• [Stored data]:
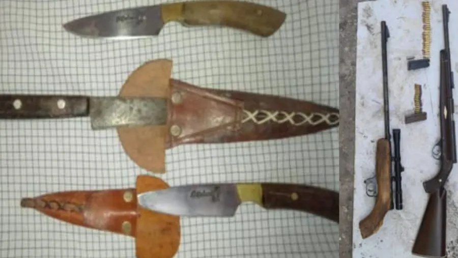 En el allanamiento dos armas tipo carabina, una de ellas con mira telescópica, ambas con cargador y cartuchería colocada, que fueron secuestradas.
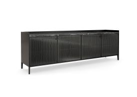 Meuble Tv En Metal Verre Et Plaquage Noyer 150 Cm Helix
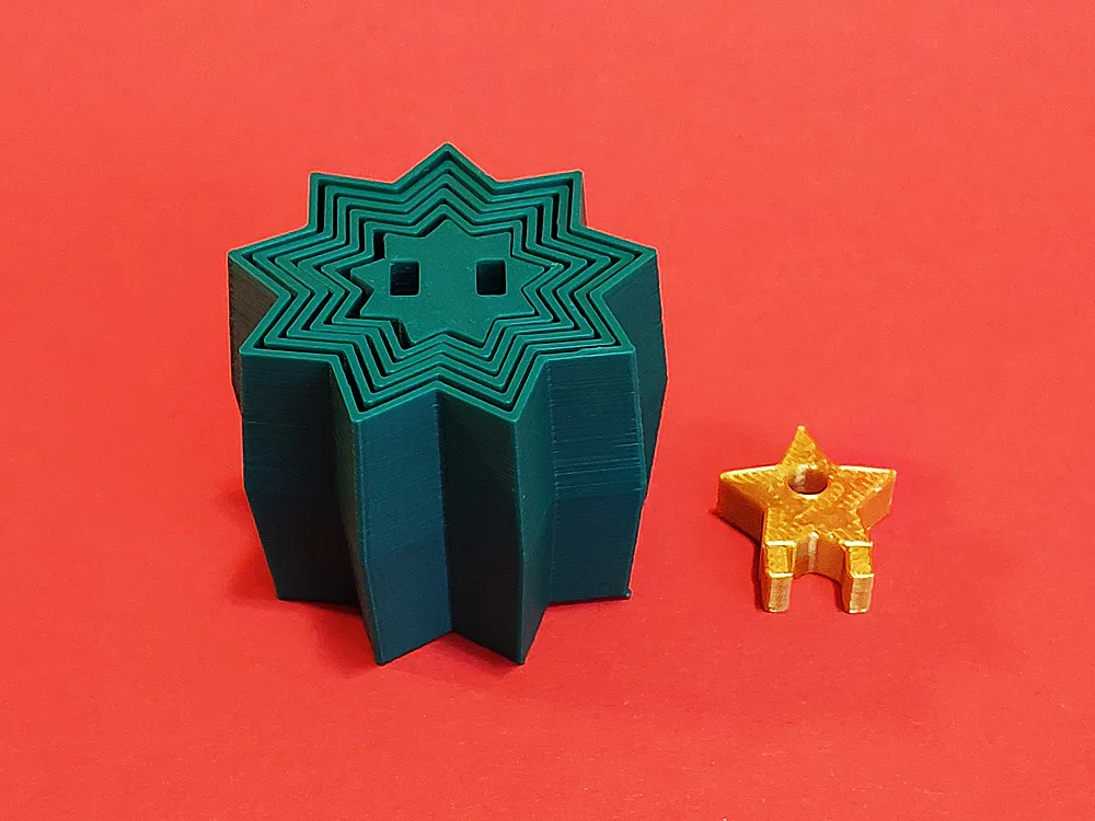 Mình muốn làm một phiên bản nhỏ của mẫu “Christmas Tree Expanding Fidget Toy” của El_Matador08 để bỏ vừa trong hộp quà nhỏ. Mình cắt bớt các phần cho tới khi đạt kích thước mong muốn. Sau đó mình kéo giãn từng đoạn để chúng cao hơn, nên tổng thể cây cũng cao hơn. Vì mình không có AMS và cũng không muốn đổi filament giữa chừng khi in, mình thiết kế ngôi sao thành một chi tiết rời (nó gắn vào phần trên/giữa bằng hai lỗ socket). Rồi mình thêm lỗ xỏ dây/móc treo lên ngôi sao, để có thể treo lên cây thông Noel như một món ornament.
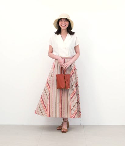 Wブレストの開襟ブラウス。デコルテをきれいに見せつつ深すぎない、絶妙な襟開きが魅力です。フレンチスリーブの丈はやや長めに設定し、二の腕をカバーしながら、涼しさもキープしています。ツヤのある貝釦もさりげないポイント。
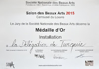 Paris’te her yıl düzenlenen Société Nationale des Beaux-Arts (SNBA) kurumunun organize ettiği ve 17-20 Aralık tarihleri arasında gerçekleşen “SALON 2015” sergisine “SYNERGIE-Sinerji” başlığı ile 24 sanatçıyla katılan SNBA Türkiye Delegasyonu sanatçıları, özgün sergileme ve aldıkları ödüllerle büyük başarı elde etti. “SALON 2015” etkinliğinde Türkiye Delegasyonuna takdim edilen ödüller;
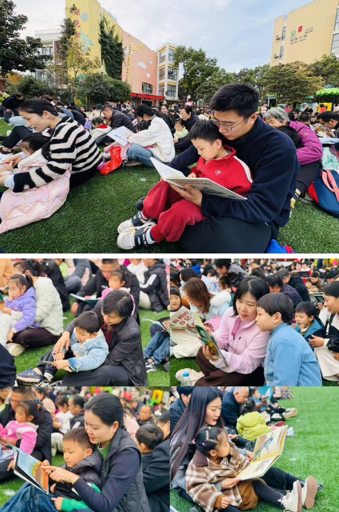 活动的核心环节——草坪读书会,将氛围推向高潮。伴随着舒缓的音乐,家长们或盘腿而坐,将孩子轻揽入怀;或并肩相依,让宝贝舒适地靠在自己身旁。他们翻开绘本,轻声讲述。十分钟里,没有喧闹,只有弥漫在空气中的亲情与专注。当故事讲完,家长们不约而同地给予拥抱和赞扬,“宝贝,你真棒”的鼓励声在草坪上响起,孩子们脸上绽放出自豪的笑容,阅读的快乐与亲情的温暖在此刻完美交融。
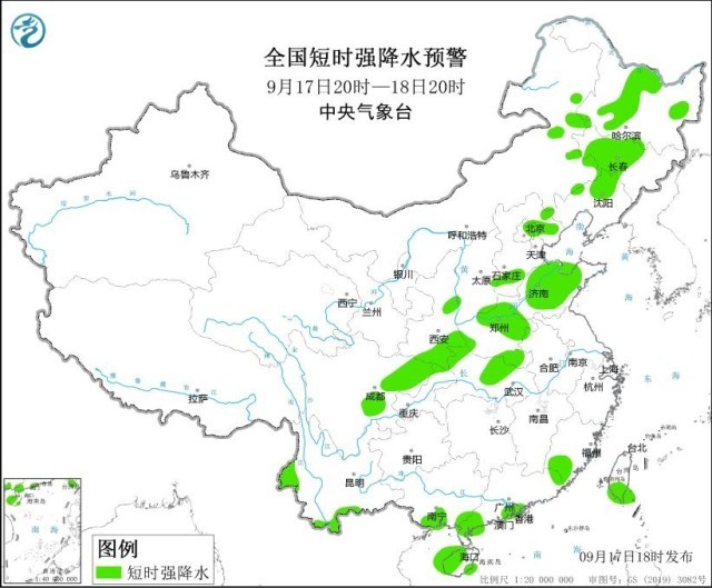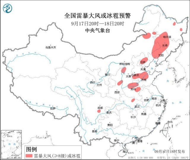 中央氣象臺9月17日18時繼續(xù)發(fā)布強對流天氣藍色預警

• [About this task]: Extract every line of the data exactly; pictures stay out.

• [Answer box]:
 En el allanamiento dos armas tipo carabina, una de ellas con mira telescópica, ambas con cargador y cartuchería colocada, que fueron secuestradas.
 Meuble Tv En Metal Verre Et Plaquage Noyer 150 Cm Helix
 Mình muốn làm một phiên bản nhỏ của mẫu “Christmas Tree Expanding Fidget Toy” của El_Matador08 để bỏ vừa trong hộp quà nhỏ. Mình cắt bớt các phần cho tới khi đạt kích thước mong muốn. Sau đó mình kéo giãn từng đoạn để chúng cao hơn, nên tổng thể cây cũng cao hơn. Vì mình không có AMS và cũng không muốn đổi filament giữa chừng khi in, mình thiết kế ngôi sao thành một chi tiết rời (nó gắn vào phần trên/giữa bằng hai lỗ socket). Rồi mình thêm lỗ xỏ dây/móc treo lên ngôi sao, để có thể treo lên cây thông Noel như một món ornament.
 Wブレストの開襟ブラウス。デコルテをきれいに見せつつ深すぎない、絶妙な襟開きが魅力です。フレンチスリーブの丈はやや長めに設定し、二の腕をカバーしながら、涼しさもキープしています。ツヤのある貝釦もさりげないポイント。
 Paris’te her yıl düzenlenen Société Nationale des Beaux-Arts (SNBA) kurumunun organize ettiği ve 17-20 Aralık tarihleri arasında gerçekleşen “SALON 2015” sergisine “SYNERGIE-Sinerji” başlığı ile 24 sanatçıyla katılan SNBA Türkiye Delegasyonu sanatçıları, özgün sergileme ve aldıkları ödüllerle büyük başarı elde etti. “SALON 2015” etkinliğinde Türkiye Delegasyonuna takdim edilen ödüller;
 活动的核心环节——草坪读书会,将氛围推向高潮。伴随着舒缓的音乐,家长们或盘腿而坐,将孩子轻揽入怀;或并肩相依,让宝贝舒适地靠在自己身旁。他们翻开绘本,轻声讲述。十分钟里,没有喧闹,只有弥漫在空气中的亲情与专注。当故事讲完,家长们不约而同地给予拥抱和赞扬,“宝贝,你真棒”的鼓励声在草坪上响起,孩子们脸上绽放出自豪的笑容,阅读的快乐与亲情的温暖在此刻完美交融。
 中央氣象臺9月17日18時繼續(xù)發(fā)布強對流天氣藍色預警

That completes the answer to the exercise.